На ней была ярко-желтая кофточка, которая в сочетании с ее желтыми волосами делала Софию похожей на пасхального цыпленка. Анника не сразу поняла, что эта кофточка такого же фасона, как и ее васильковая кофточка. «Какое счастье, что у меня не было времени ее постирать».
— Мама!
Крик раздался из гостиной, послышался топот маленьких ног. Калле отодвинул в сторону Софию Е. С. Гренборг и обвил руками ноги Анники. Эллен, сжимая в руках новенькую Поппи, вприпрыжку бежала за ним, протискиваясь мимо Е. С. Анника бросила сумку на пол, присела на корточки и обняла детей. Она раскачивалась с ними из стороны в сторону, целовала их в волосы, щеки и носы, как будто они не виделись полгода, хотя на самом деле всего-то в понедельник Анника оставила их в школе и в детском саду.
Томас смущенно откашлялся.
— Ну, хорошо, мы пошли…
— Как ты себя чувствуешь? — спросила Анника у Эллен, отбросив с ее личика волосы и заглядывая дочке в глаза. — Ты и сегодня болеешь?
Девочка энергично покачала головой.
Анника посмотрела на Томаса.
— Так у нее нет температуры?
— Сегодня с обеда, — ответил Томас. — Завтра она пойдет в садик, поэтому уложить ее надо в восемь. Что у тебя с рукой?
Анника встала, взяв дочку на руки.
— Порезалась, когда готовила. Мне надо поработать, когда дети уснут. Я могу воспользоваться твоим компьютером?
— Конечно, конечно, — ответил Томас, протянув руку в сторону студии, которая была больше всей остальной квартиры.
Анника прошла мимо Софии Е. С. Гренборг, даже не посмотрев в ее сторону.
— Это мой кабинет, — сказал Томас, открыв дверь в тесную комнатку за кухней. — Можешь поработать здесь. Но мы вернемся не поздно, да, Соф?
«Соф?
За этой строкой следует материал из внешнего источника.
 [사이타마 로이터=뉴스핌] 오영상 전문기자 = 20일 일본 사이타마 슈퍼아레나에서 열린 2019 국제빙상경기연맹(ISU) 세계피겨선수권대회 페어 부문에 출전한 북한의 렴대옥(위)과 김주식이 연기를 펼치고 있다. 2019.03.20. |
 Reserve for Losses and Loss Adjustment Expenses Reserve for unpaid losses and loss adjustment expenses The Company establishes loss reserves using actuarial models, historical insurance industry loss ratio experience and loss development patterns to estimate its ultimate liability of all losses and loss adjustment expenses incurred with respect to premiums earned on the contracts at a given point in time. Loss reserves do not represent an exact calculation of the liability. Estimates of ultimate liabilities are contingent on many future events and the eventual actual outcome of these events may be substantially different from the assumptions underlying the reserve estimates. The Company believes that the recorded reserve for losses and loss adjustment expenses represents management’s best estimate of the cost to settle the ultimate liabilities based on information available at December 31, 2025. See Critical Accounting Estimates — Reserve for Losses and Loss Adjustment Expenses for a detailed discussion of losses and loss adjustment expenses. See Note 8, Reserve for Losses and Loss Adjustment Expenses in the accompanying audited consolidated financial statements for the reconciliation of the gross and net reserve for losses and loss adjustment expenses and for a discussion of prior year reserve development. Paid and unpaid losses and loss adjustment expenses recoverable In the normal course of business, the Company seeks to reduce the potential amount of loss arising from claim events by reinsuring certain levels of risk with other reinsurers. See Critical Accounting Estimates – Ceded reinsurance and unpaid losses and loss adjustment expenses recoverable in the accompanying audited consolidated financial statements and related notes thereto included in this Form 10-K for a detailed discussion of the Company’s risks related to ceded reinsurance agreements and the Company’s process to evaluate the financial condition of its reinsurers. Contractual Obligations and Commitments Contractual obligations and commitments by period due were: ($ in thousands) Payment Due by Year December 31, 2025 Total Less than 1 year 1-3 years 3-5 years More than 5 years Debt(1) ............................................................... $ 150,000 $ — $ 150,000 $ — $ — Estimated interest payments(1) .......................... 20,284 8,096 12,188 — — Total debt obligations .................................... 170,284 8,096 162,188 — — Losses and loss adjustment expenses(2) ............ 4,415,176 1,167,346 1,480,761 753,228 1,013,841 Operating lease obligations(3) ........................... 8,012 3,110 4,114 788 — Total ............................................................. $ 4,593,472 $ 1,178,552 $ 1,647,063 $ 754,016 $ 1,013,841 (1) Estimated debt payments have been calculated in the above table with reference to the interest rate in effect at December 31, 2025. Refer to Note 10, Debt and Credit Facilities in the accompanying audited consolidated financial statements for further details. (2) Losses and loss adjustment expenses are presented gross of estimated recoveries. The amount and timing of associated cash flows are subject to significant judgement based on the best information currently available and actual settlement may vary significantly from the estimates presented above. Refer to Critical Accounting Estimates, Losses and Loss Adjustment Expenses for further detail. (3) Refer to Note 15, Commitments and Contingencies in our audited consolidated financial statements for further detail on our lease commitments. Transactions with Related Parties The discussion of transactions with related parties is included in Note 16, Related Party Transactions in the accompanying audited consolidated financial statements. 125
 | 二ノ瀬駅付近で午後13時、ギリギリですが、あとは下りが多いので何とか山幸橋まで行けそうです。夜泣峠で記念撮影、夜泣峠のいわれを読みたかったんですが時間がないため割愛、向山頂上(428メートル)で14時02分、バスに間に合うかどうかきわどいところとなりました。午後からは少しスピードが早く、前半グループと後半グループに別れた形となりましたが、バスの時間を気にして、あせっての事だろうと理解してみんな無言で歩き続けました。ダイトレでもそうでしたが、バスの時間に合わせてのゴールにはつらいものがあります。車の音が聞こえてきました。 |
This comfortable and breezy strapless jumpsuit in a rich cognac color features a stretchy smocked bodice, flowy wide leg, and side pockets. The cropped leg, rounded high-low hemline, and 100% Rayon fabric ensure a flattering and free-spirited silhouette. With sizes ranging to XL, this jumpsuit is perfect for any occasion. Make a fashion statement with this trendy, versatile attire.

Черт возьми, как задушевно!»
— Ну, — сказала Соф Е. С. Гренборг, надевая пальто и натягивая замшевые перчатки, — думаю, что после спектакля мама захочет поужинать. Наверное, она заказала столик в «Оперном погребке»…
«Помнится, меня он называл Анки…»
— Я никуда не спешу, — сухо произнесла Анника, не глядя в сторону Софии, потом взяла за руку Калле и пошла с детьми в гостиную, откуда уже слышалась музыка их любимой телевизионной передачи. Томас пошел за ними посмотреть, как они усаживаются перед плазменным телевизором на обтянутый черной кожей диван. Он стоял в дверях, и Анника чувствовала на себе его взгляд, от которого у нее сладко замирало сердце.
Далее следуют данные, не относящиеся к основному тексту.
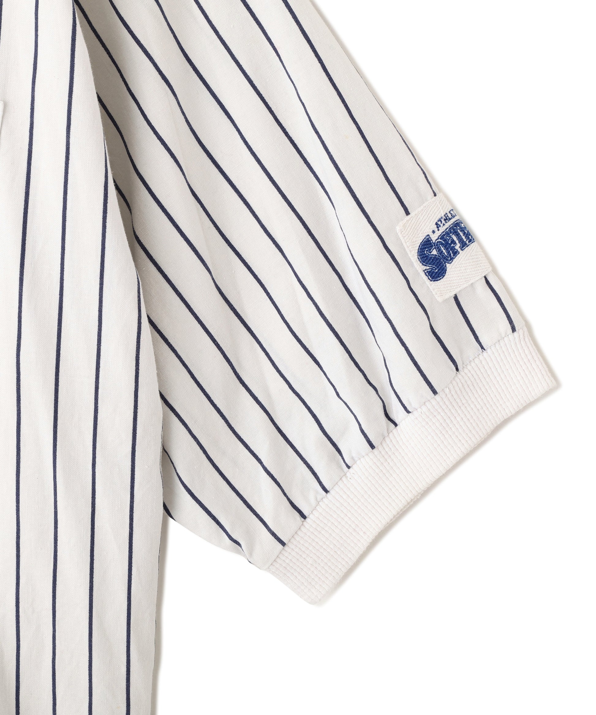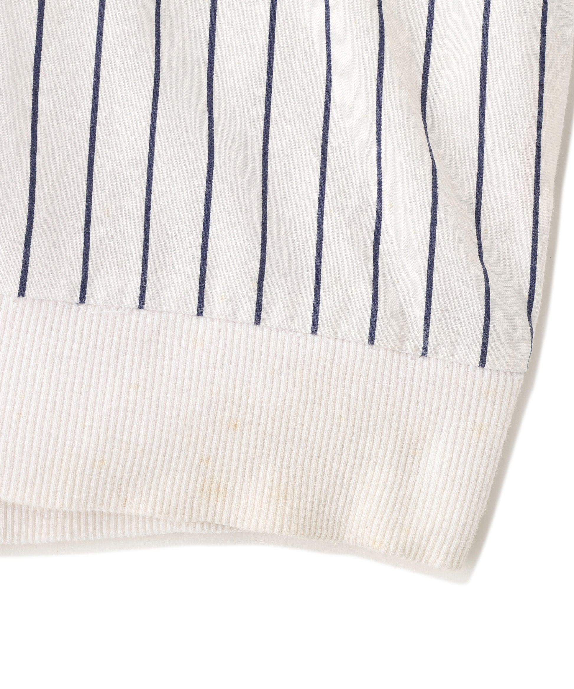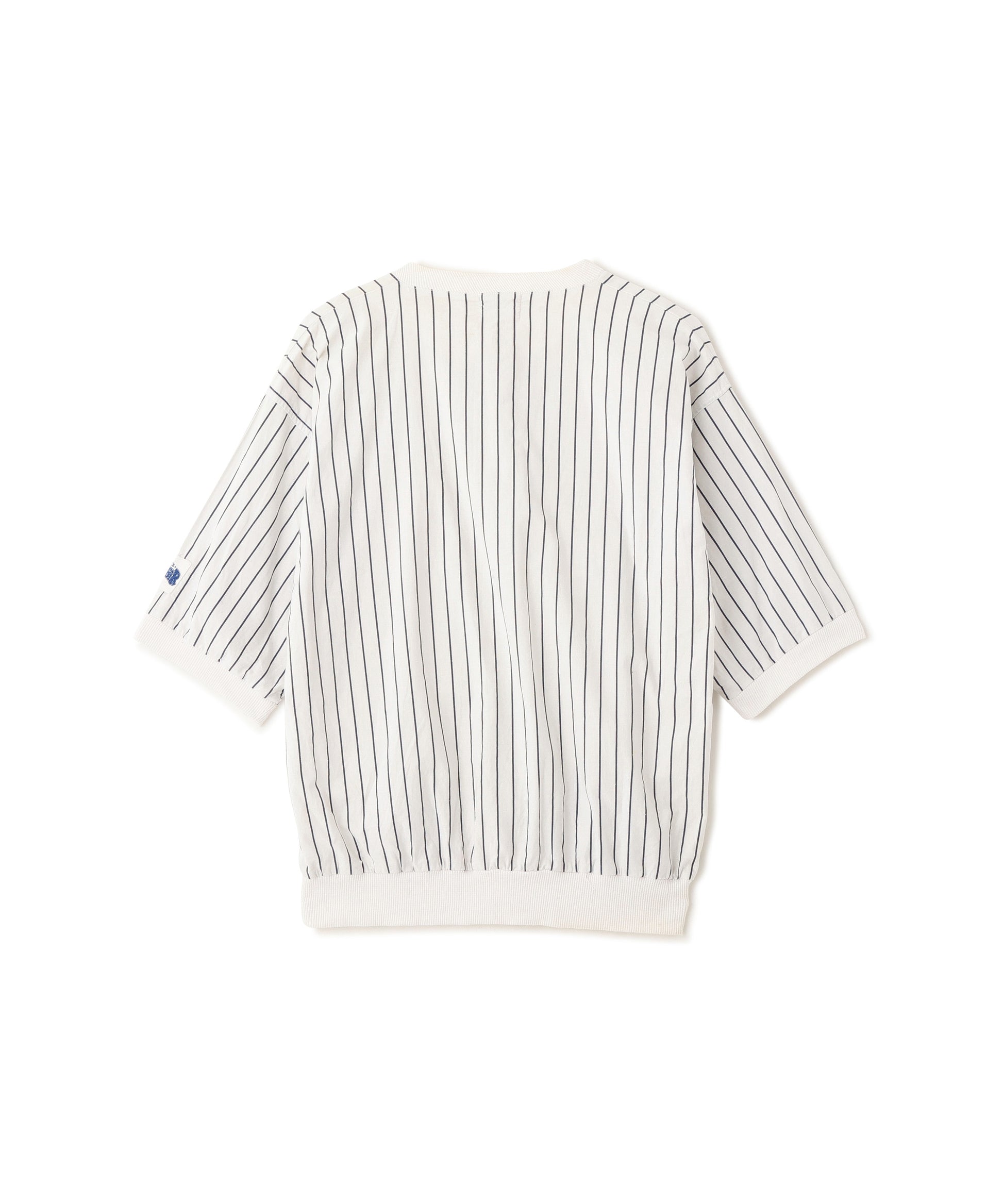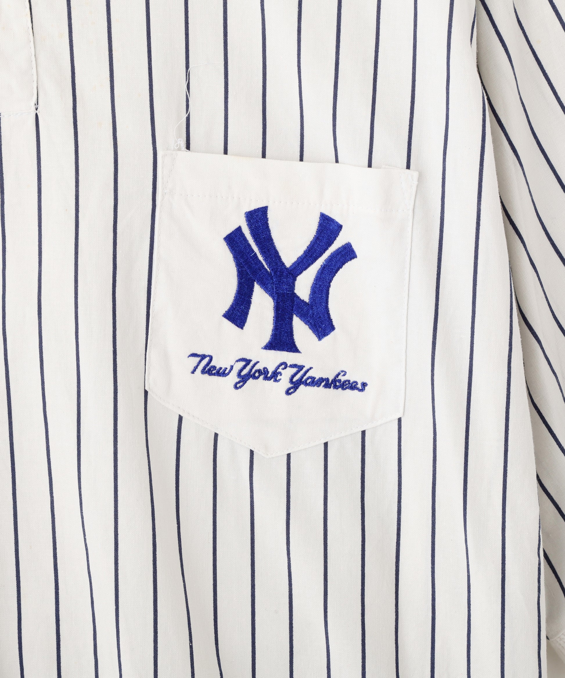 ニューヨーク・ヤンキースのロゴ刺繍がワンポイントで入った、ピンストライプ柄のヘンリーネック半袖トップス。ホワイトベースにネイビーの縦ストライプが映える、爽やかでスポーティーな雰囲気の一着。

«Как он красив. Ему идет короткая стрижка».
— Спасибо, что пришла, — негромко сказал он.
Анника судорожно сглотнула, не отрываясь от экрана.
— Томас, ты идешь?
«Как он может терпеть женщину с таким голосом?»
Он вышел в прихожую, и Анника услышала звон ключей и мобильных телефонов, уложенных в карманы и сумки. Потом дверь захлопнулась, и в пентхаусе Соф Е…ливой Сучки Гренборг наступила тишина.
Дети улеглись спать в то же время и с таким же скандалом, как и у Анники. Никакой разницы. Они умылись, почистили зубы, сложили грязную одежду в корзину, послушали сказку на ночь и свернулись под одеяльцами. Эллен спала днем, поэтому долго ворочалась, и Анника прилегла с ней рядом на узкую кроватку и напевала ей колыбельные, пока дочка не уснула. Анника гладила ее по волосам, по круглой головке, по мягким плечикам, закрыв глаза и уткнувшись в светлые волосы, приятно щекотавшие нос.
«Ты мое маленькое чудо».
Она осторожно встала, с сожалением оторвавшись от теплого тельца Эллен, отошла к двери, обернулась и долго смотрела на дочь. Она все больше и больше становилась похожа на Томаса светлыми волосами и синевой глаз. У Анники сжалось сердце. Она отвернулась и вышла в студию. Было прохладно, и Анника пожалела, что не взяла с собой кофту.
Откуда-то тянуло сквозняком, а скудная обстановка только усиливала впечатление холода. Все было белым, за исключением черной кожаной обивки кресел и стульев, а столы сверкали стеклом и хромом.
Детям выделили две смежные комнатки в дальнем конце большой студии. В комнатках как раз хватило места для кроватей и полок с игрушками. Стены были голые, не было ни ковриков на полу, ни занавесок на окнах, ни запасных одеял.
«Я просто придираюсь. Детям здесь хорошо. Пока Томас о них заботится, все будет в порядке».
Она никогда не думала, что у них дойдет до развода. Она наивно считала, что достаточно одной любви: если она будет его любить, то ничего не случится, все закончится хорошо, как в детской вечерней сказке.
«Я забыла, что с ним надо жить, а теперь слишком поздно».